** Exercise directions **
Leaving out the pictures, retype the lines from the beginning of the listing through the line containing "Comincia a pioviccicare, i".

(Provided material)

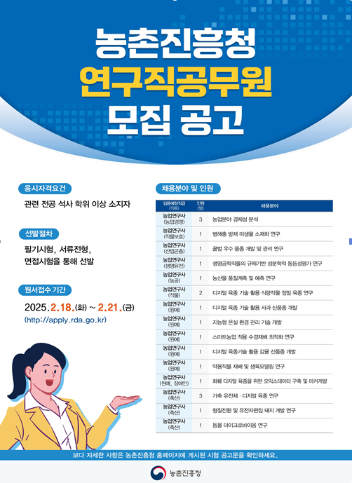 농촌진흥청이 2025년도 연구직 공무원 경력 경쟁 채용 선발 계획을 공고했습니다.
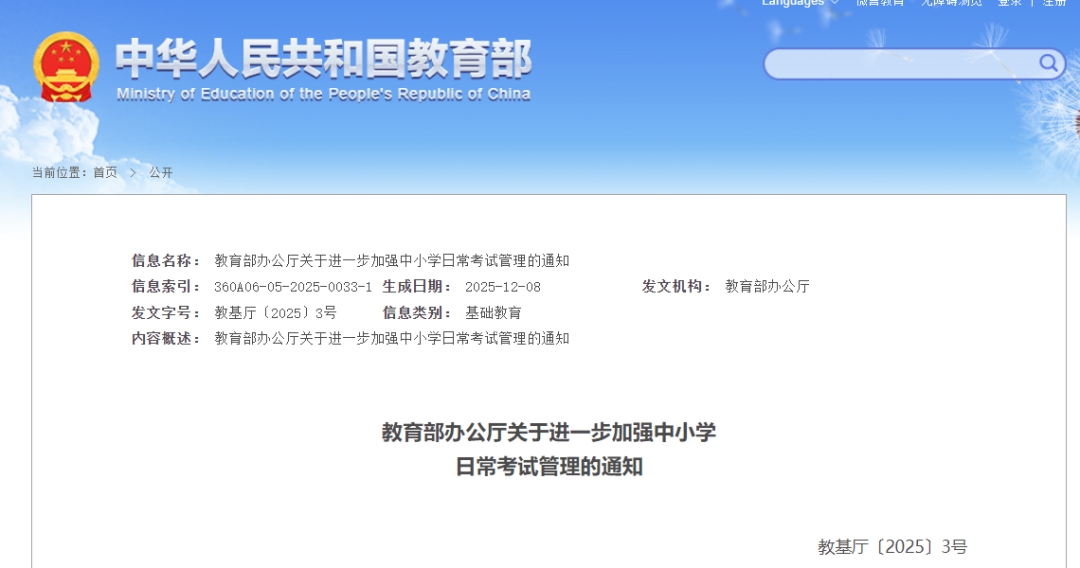 教育部辦公廳關于進一步加強中小學日常考試管理的通知
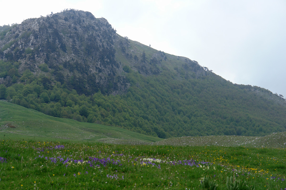Comincia a pioviccicare, i monti scompaiono fra le nuvole, ci mettiamo la giaccavvento e decidiamo di scalare quel picco roccioso laggiù, è l'unica meta godibile, il resto è tutto dentro le nuvole sempre più fitte.
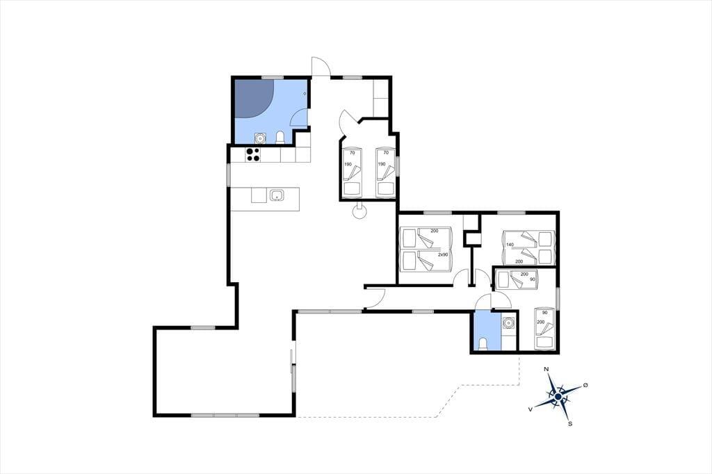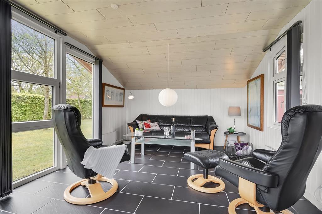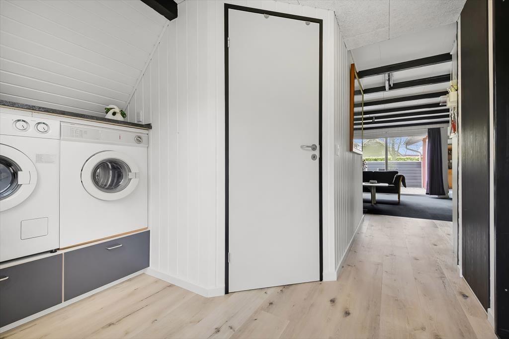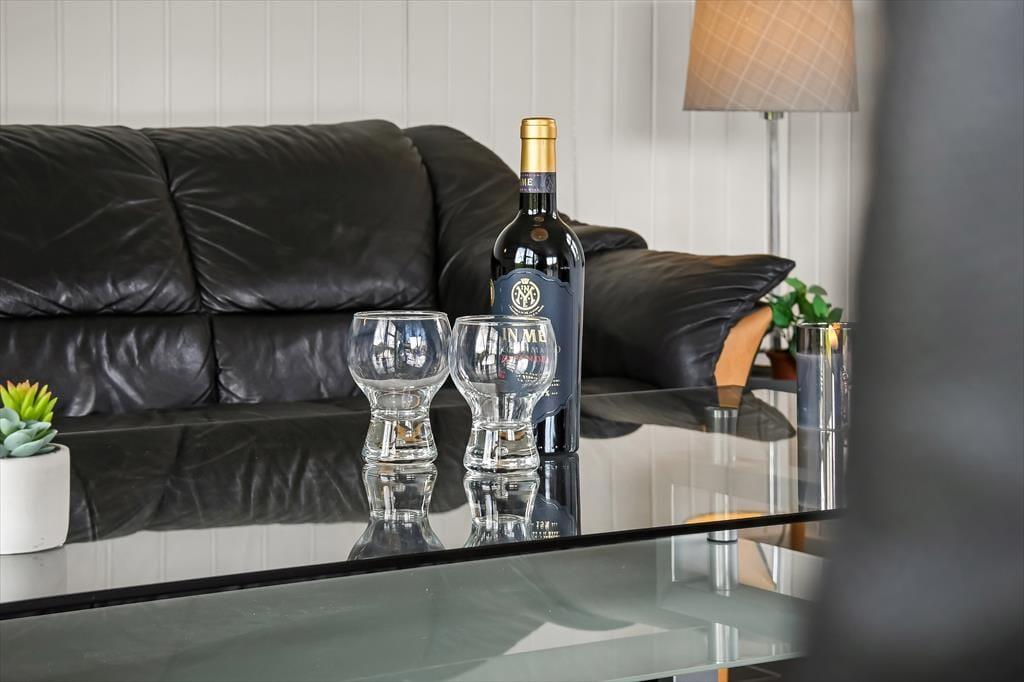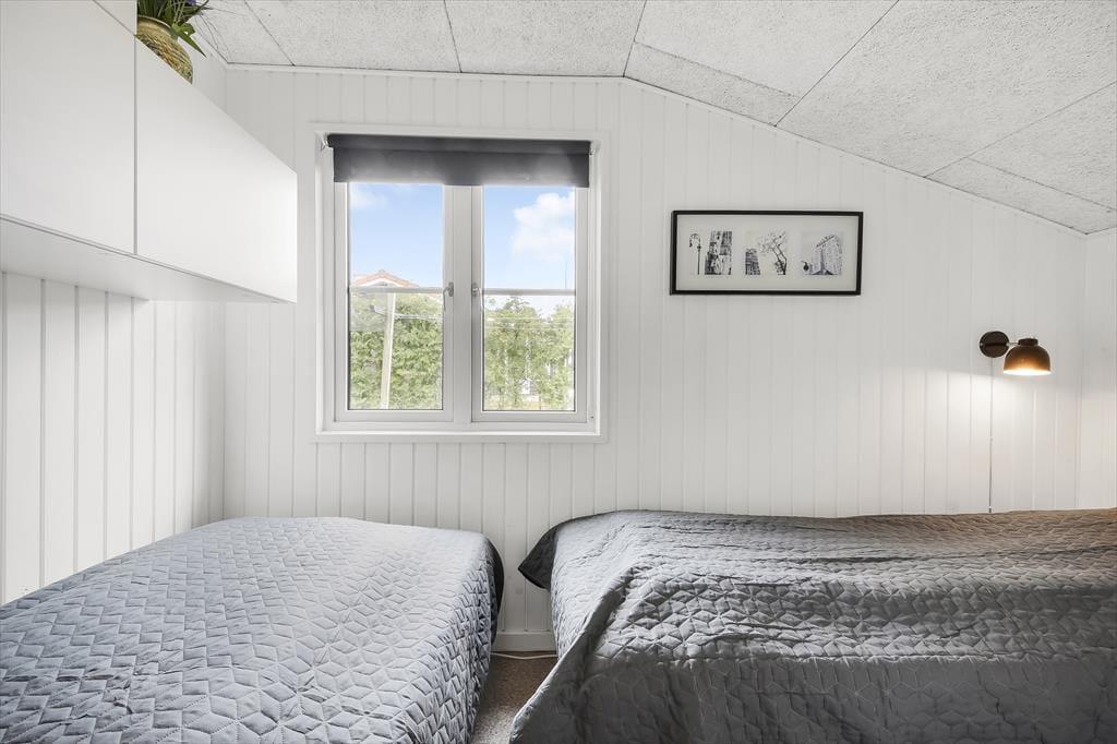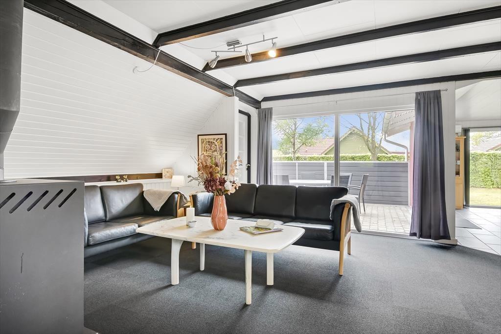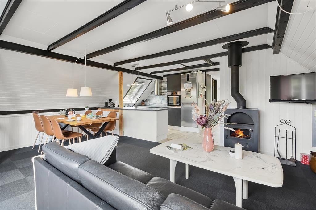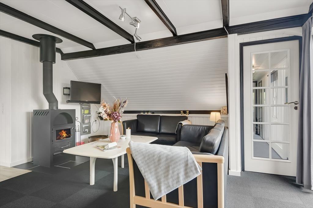 Inden døre i det 90 m2 store sommerhus finder I alle komponenter til at kunne leve et komfortabelt ferieliv – lige fra et veludstyret køkken i det store opholdsrum til andre praktiske faciliteter som vaskemaskine og tørretumbler på gæstetoilettet. Spabadet på badeværelset er en af husets mere luksuriøse detaljer, mens brændeovnen står klar til at skrue op for både hyggestemning og temperaturen, når I samles i stuen med varme drikke, snacks og måske en god film på TV. Soveværelser er der i alt fire af, hvoraf to er indrettet med dobbeltseng. Det tredje værelse er indrettet med to enkeltsenge og det fjerde med en enkelt, så i alt kan I samles syv personer her i huset.
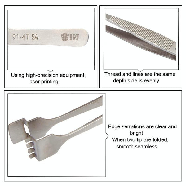BEST BST-91-4T SA Professional Stainless Steel Wafer Tweezers for Silicon Wafer

(End Provided material)

** Written answer **
 농촌진흥청이 2025년도 연구직 공무원 경력 경쟁 채용 선발 계획을 공고했습니다.
 教育部辦公廳關于進一步加強中小學日常考試管理的通知
Comincia a pioviccicare, i monti scompaiono fra le nuvole, ci mettiamo la giaccavvento e decidiamo di scalare quel picco roccioso laggiù, è l'unica meta godibile, il resto è tutto dentro le nuvole sempre più fitte.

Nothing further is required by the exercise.